◆ BRIEF
Repeat the following data exactly, omitting pictures.

[Dataset entries]
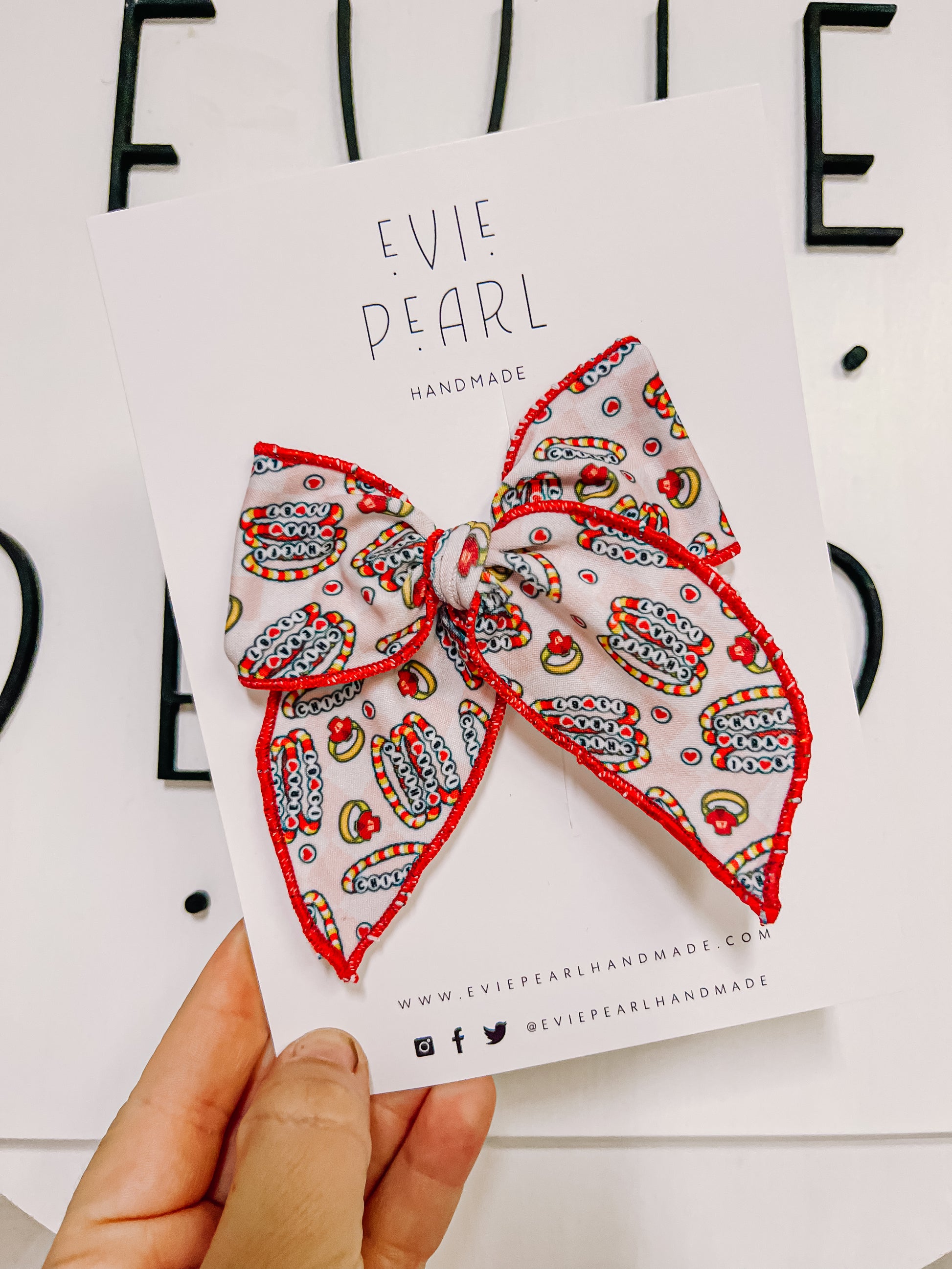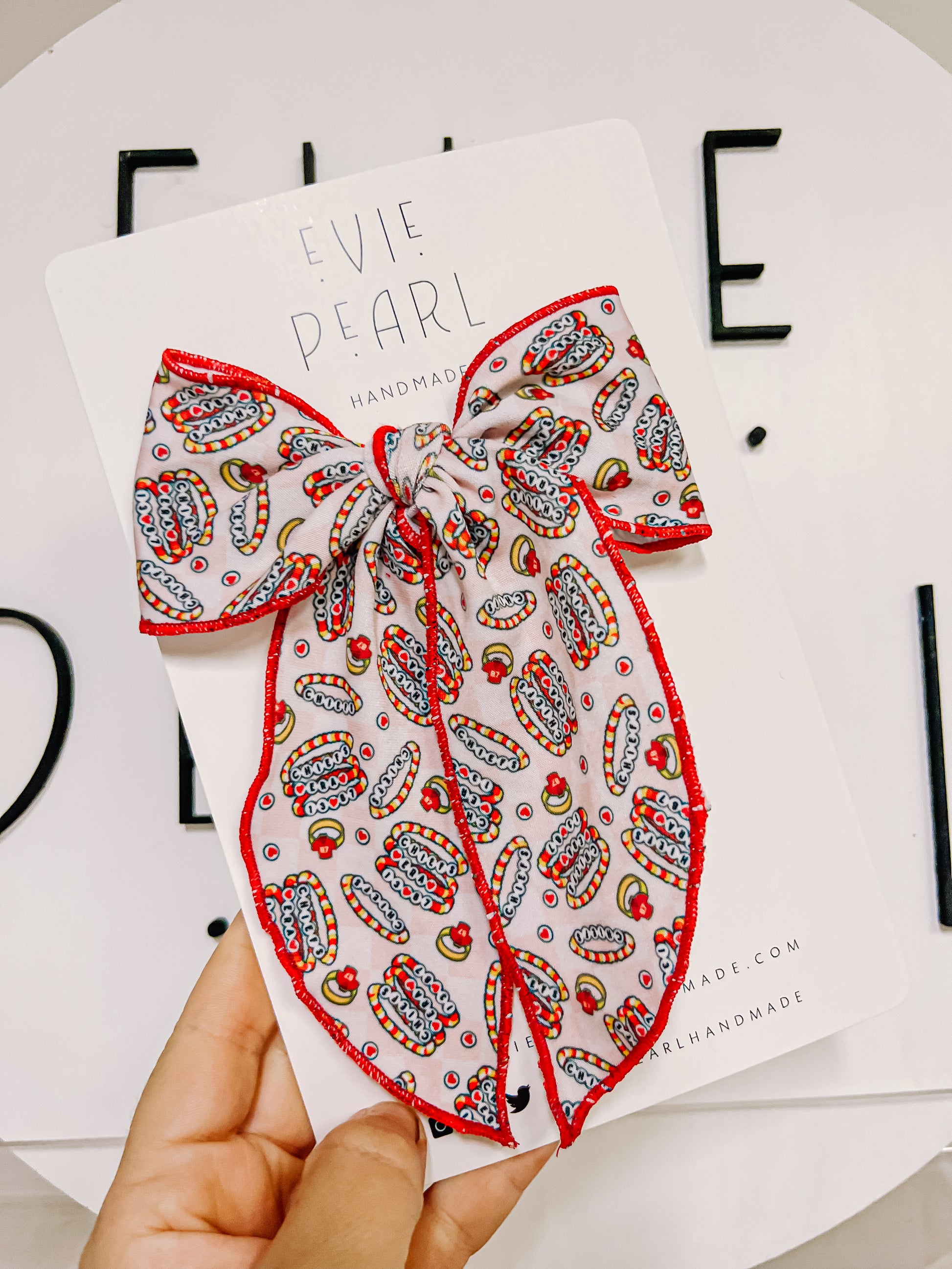 Elevate your game day look or everyday style with our Kansas City Chiefs themed handmade hair bows. Combining quality, comfort, and team pride, these bows are a must-have for any Chiefs fan. Show your support in style, whether you're at Arrowhead Stadium, a watch party, or out and about in Kansas City.
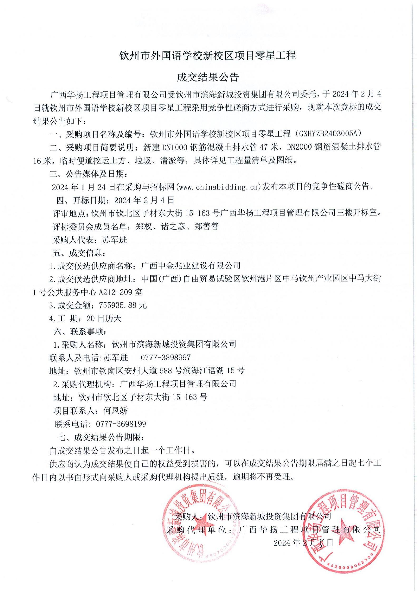 欽州市外國(guó)語(yǔ)學(xué)校新校區(qū)零星工程成交結(jié)果公告
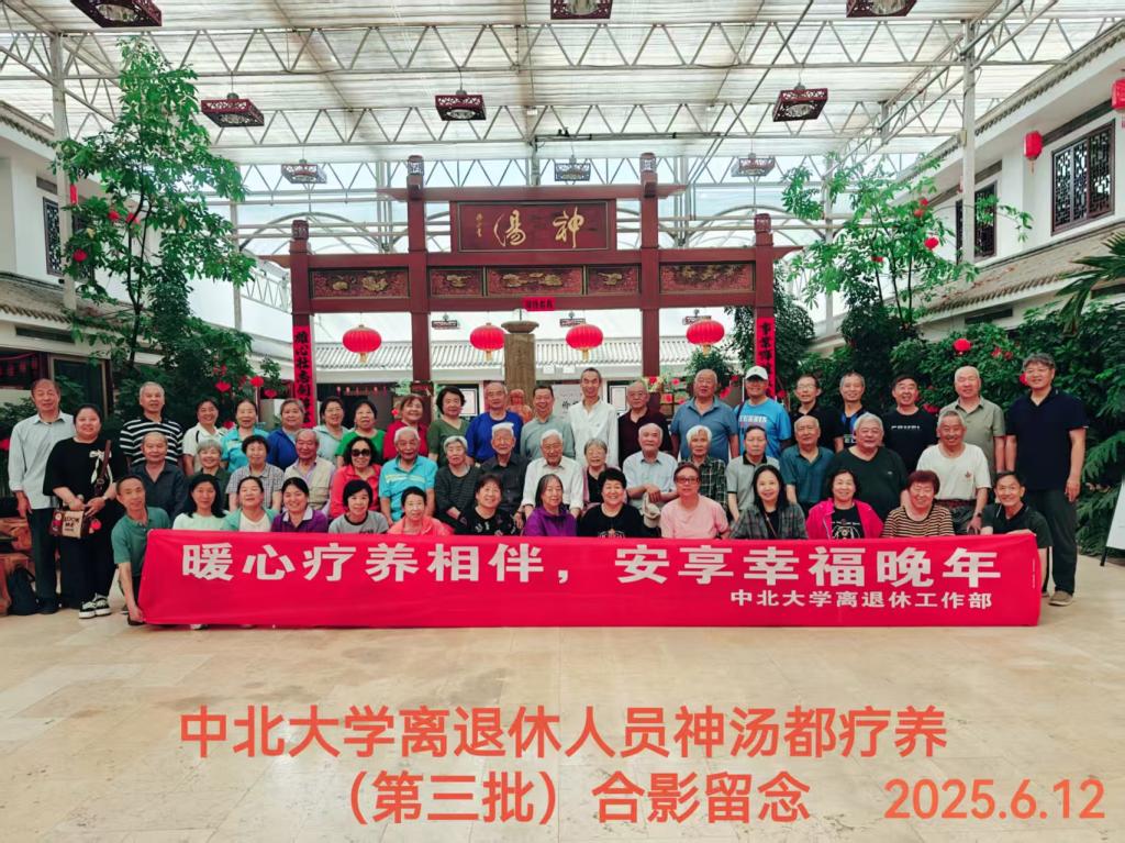 近日,一场满载关怀与温情的康养之旅圆满落下帷幕!离退休工作部精心组织离退休人员开展的忻州神汤都温泉度假疗养活动圆满结束。此次疗养活动,离退休工作部经过充分考察调研,严格遵循招投标程序选定合作方,只为给离退休人员提供最优质、最安心的疗养体验,传递学校对老同志们满满的关爱。
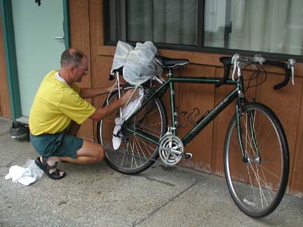 The day started with a stiff wind out of the south with predictions of occasional showers. It was the headwinds we were all gearing up for, not the possibility of showers. The showers came about 45 minutes into the day, but they were very light and few people did much to cover up. But they grew into a full-fledged warm rain that caught most of us unprepared. By lunch we were drenched!
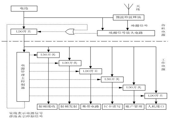 如OBU這種以嵌入式處理器為核心的系統(tǒng),其功耗主要由處理器功耗和外圍電路功耗組成??紤]實(shí)際的運(yùn)行情況,汽車(chē)在公路上行駛的整個(gè)過(guò)程中,經(jīng)過(guò)收費(fèi)站的時(shí)間是非常短的,OBU只需要在汽車(chē)經(jīng)過(guò)收費(fèi)站時(shí)工作,而且工作時(shí)間不到一秒鐘,其他絕大部分時(shí)間都不需要工作。OBU智能電源管理采用電池供電的方法,控制OBU 工作在兩種模式,睡眠模式和激活模式;當(dāng)車(chē)進(jìn)入收費(fèi)站時(shí),OBU被激活,開(kāi)始工作,處于激活模式;當(dāng)交易完成,車(chē)離開(kāi)收費(fèi)站后,OBU馬上停止工作進(jìn)入睡眠模式。根據(jù)這種特點(diǎn),對(duì)電源采用分級(jí)管理的策略,即分為待機(jī)電源與工作電源,如圖2.1。
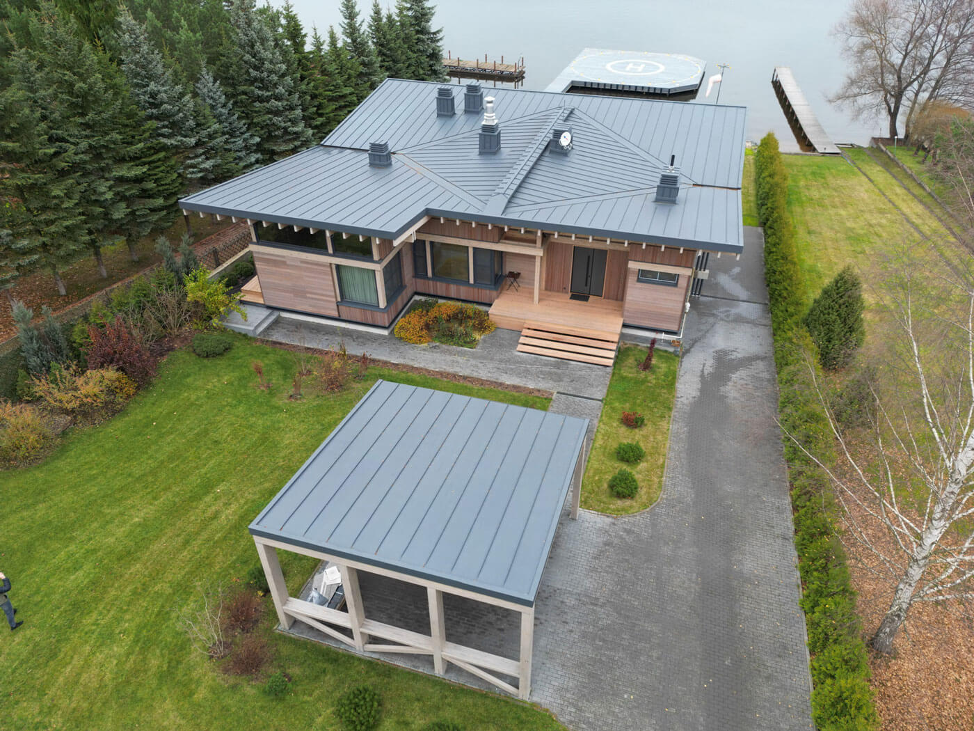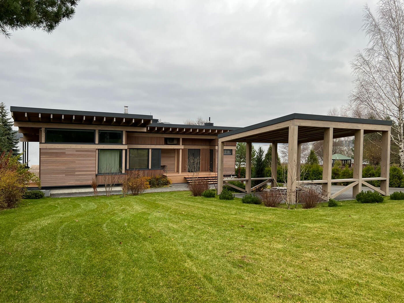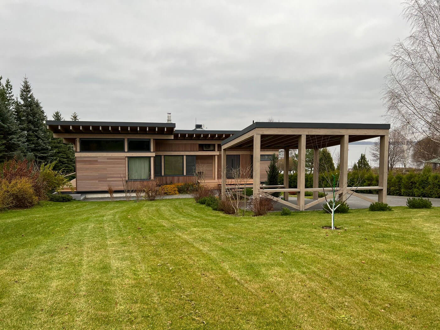 Современный деревянный дом построен в живописном месте на берегу реки. Он является местом отдыха семьи владельца и их друзей, любителей тихого отдыха и природы.

◆ OUTPUT OF THE EXERCISE
 Elevate your game day look or everyday style with our Kansas City Chiefs themed handmade hair bows. Combining quality, comfort, and team pride, these bows are a must-have for any Chiefs fan. Show your support in style, whether you're at Arrowhead Stadium, a watch party, or out and about in Kansas City.
 欽州市外國(guó)語(yǔ)學(xué)校新校區(qū)零星工程成交結(jié)果公告
 近日,一场满载关怀与温情的康养之旅圆满落下帷幕!离退休工作部精心组织离退休人员开展的忻州神汤都温泉度假疗养活动圆满结束。此次疗养活动,离退休工作部经过充分考察调研,严格遵循招投标程序选定合作方,只为给离退休人员提供最优质、最安心的疗养体验,传递学校对老同志们满满的关爱。
 The day started with a stiff wind out of the south with predictions of occasional showers. It was the headwinds we were all gearing up for, not the possibility of showers. The showers came about 45 minutes into the day, but they were very light and few people did much to cover up. But they grew into a full-fledged warm rain that caught most of us unprepared. By lunch we were drenched!
 如OBU這種以嵌入式處理器為核心的系統(tǒng),其功耗主要由處理器功耗和外圍電路功耗組成??紤]實(shí)際的運(yùn)行情況,汽車(chē)在公路上行駛的整個(gè)過(guò)程中,經(jīng)過(guò)收費(fèi)站的時(shí)間是非常短的,OBU只需要在汽車(chē)經(jīng)過(guò)收費(fèi)站時(shí)工作,而且工作時(shí)間不到一秒鐘,其他絕大部分時(shí)間都不需要工作。OBU智能電源管理采用電池供電的方法,控制OBU 工作在兩種模式,睡眠模式和激活模式;當(dāng)車(chē)進(jìn)入收費(fèi)站時(shí),OBU被激活,開(kāi)始工作,處于激活模式;當(dāng)交易完成,車(chē)離開(kāi)收費(fèi)站后,OBU馬上停止工作進(jìn)入睡眠模式。根據(jù)這種特點(diǎn),對(duì)電源采用分級(jí)管理的策略,即分為待機(jī)電源與工作電源,如圖2.1。
 Современный деревянный дом построен в живописном месте на берегу реки. Он является местом отдыха семьи владельца и их друзей, любителей тихого отдыха и природы.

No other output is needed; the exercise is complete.